All pictures are to be omitted while the lines starting at the line with "加入面筋后不断翻炒(以防面筋" and ending at the line with "큰 술을 넣어줍니다." in the material below are retyped exactly, both ends included.

GIVEN DATA.
========================================

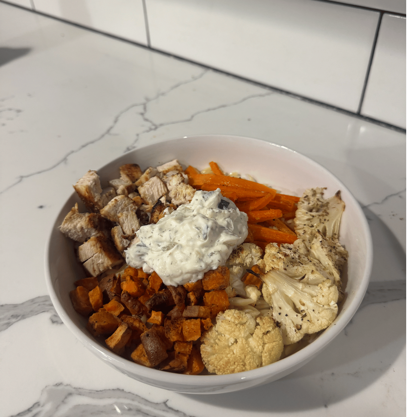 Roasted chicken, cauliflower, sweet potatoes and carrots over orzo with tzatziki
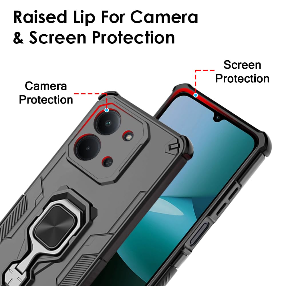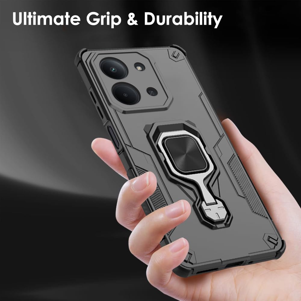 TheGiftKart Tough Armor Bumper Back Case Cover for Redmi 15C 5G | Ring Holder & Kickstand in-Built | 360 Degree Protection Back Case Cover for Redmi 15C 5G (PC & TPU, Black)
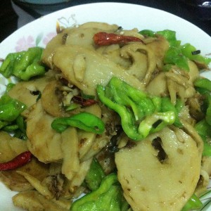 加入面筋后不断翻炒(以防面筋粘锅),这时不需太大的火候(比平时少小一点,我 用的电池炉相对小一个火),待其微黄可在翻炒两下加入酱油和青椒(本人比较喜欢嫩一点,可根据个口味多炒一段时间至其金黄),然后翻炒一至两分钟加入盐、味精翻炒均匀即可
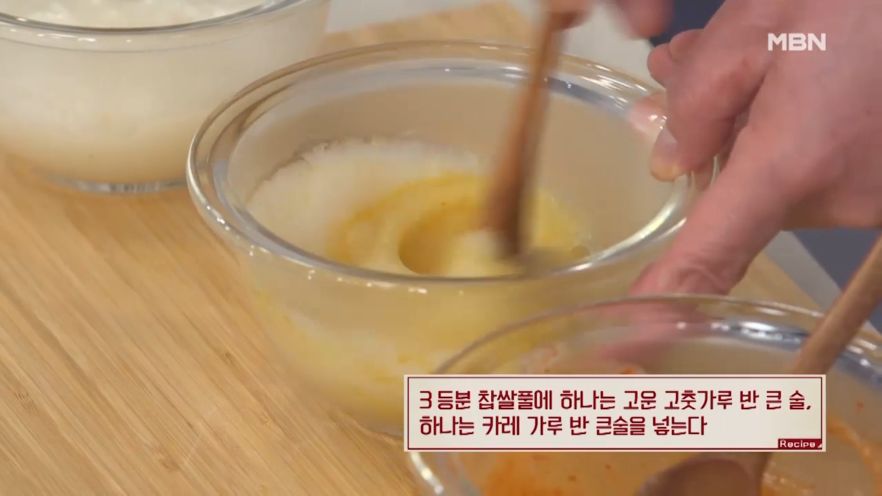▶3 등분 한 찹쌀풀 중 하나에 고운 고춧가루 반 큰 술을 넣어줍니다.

========================================

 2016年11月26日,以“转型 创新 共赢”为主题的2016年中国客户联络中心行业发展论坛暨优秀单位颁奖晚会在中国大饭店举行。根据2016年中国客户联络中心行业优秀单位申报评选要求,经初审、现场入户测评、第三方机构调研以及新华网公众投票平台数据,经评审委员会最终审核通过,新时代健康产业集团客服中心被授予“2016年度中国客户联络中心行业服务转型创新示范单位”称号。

========================================

ANSWER SPACE.
 加入面筋后不断翻炒(以防面筋粘锅),这时不需太大的火候(比平时少小一点,我 用的电池炉相对小一个火),待其微黄可在翻炒两下加入酱油和青椒(本人比较喜欢嫩一点,可根据个口味多炒一段时间至其金黄),然后翻炒一至两分钟加入盐、味精翻炒均匀即可
▶3 등분 한 찹쌀풀 중 하나에 고운 고춧가루 반 큰 술을 넣어줍니다.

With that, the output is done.